Best Practices

Advances in CAR T-Cell Therapies


 

References

Gene therapies, especially chimeric antigen receptor (CAR) T-cell therapies, experienced significant growth in 2017. The CAR T-cell therapies are among the most clinically important of the adoptive cell transfer therapies. In August, the FDA approved tisagenlecleucel for patients aged < 26 years with acute or relapsed lymphoblastic leukemia (ALL). In October, the FDA approved axicabtagene ciloleucel for treatment of adult patients nonresponsive to, or relapsed from treatment of, certain types of large B-cell lymphoma. And in November, the FDA granted breakthrough therapy designation to Celgene and Bluebird Bio for the bb2121 anti-B-cell maturation antigen (BCMA) CAR T-cell therapy for relapsed and refractory multiple myeloma (MM).

Chimeric antigen receptor T-cells circumvent the human major histocompatibility complex that T-cell receptors must navigate, shifting cell-based therapy away from identification of existing cells and toward creating T-cell products through genetic engineering. This broadens the potential for CAR T-cell applications and allows for rapid manufacture of tumor and patient-specific agents.1 Both Novartis’ Kymriah and Kite Pharma’s Yescarta are derived from investigations into anti-CD19 CAR therapy, which has been the most heavily researched of the CARs due to its links with B-cell malignancies, expression in most tumor cells, and absence from vital tissues.2 Studied in relation to a number of cancers, CD19 has not shown much success in either MM or solid tumor cancers.

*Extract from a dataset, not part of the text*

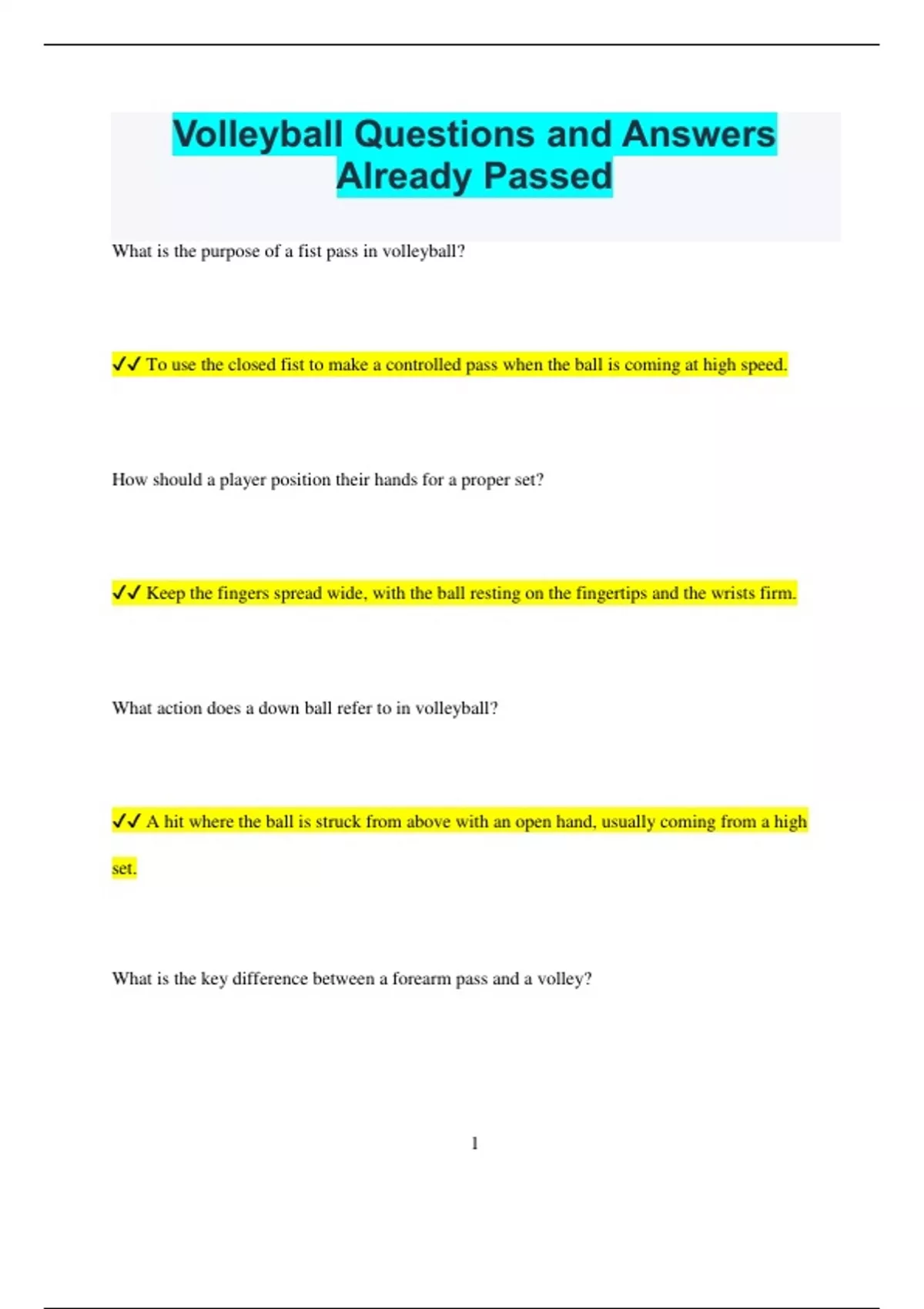 , ✔✔ A forearm pass uses the forearms to control the ball, while a volley uses the hands and
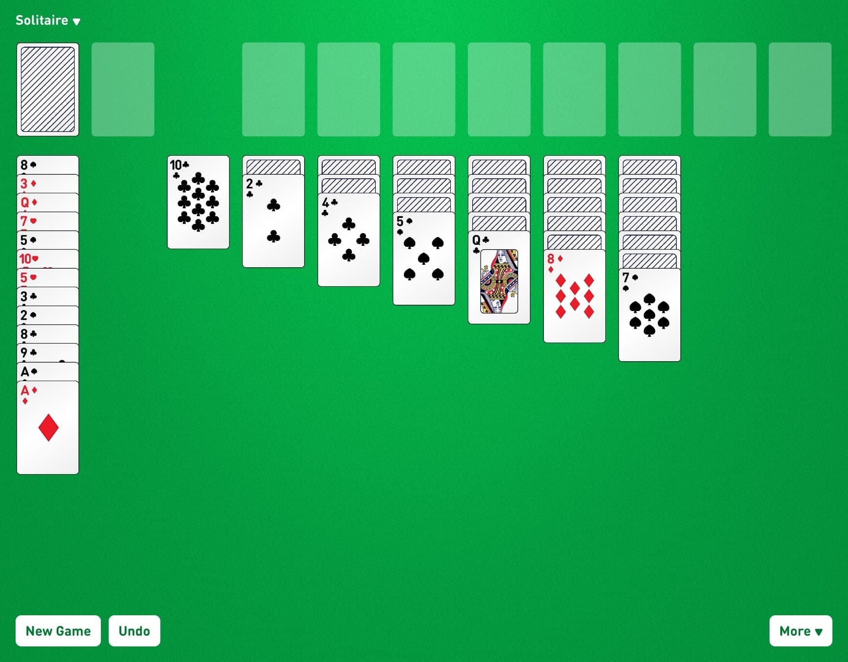 7 tableau piles: Alternate color build down. Only one card can be moved at a time. Any card not in the reserve can fill these spaces. At the beginning of the game, one card is dealt to the first pile, two to the second, and so on. The top card is shown.

Targeting the right antigen for myeloma is complicated: first because common MM antigens—CD38, CD56, CD138—also are expressed on essential normal cells, and second, because myeloma cells are synonymous with heterogeneity. The FDA based its designation of bb2121, or BCMA CAR T-cell therapy, on preliminary data from an ongoing phase 1 CRB-401 trial that, as of December 2017, concluded that 94% of 21 patients with MM treated with the highest doses showed complete or partial remissions and high rates of progression-free survival.3 The trial also showed that cytokine-release toxicity (CRS), although severe in some patients, was generally reversible and short lived.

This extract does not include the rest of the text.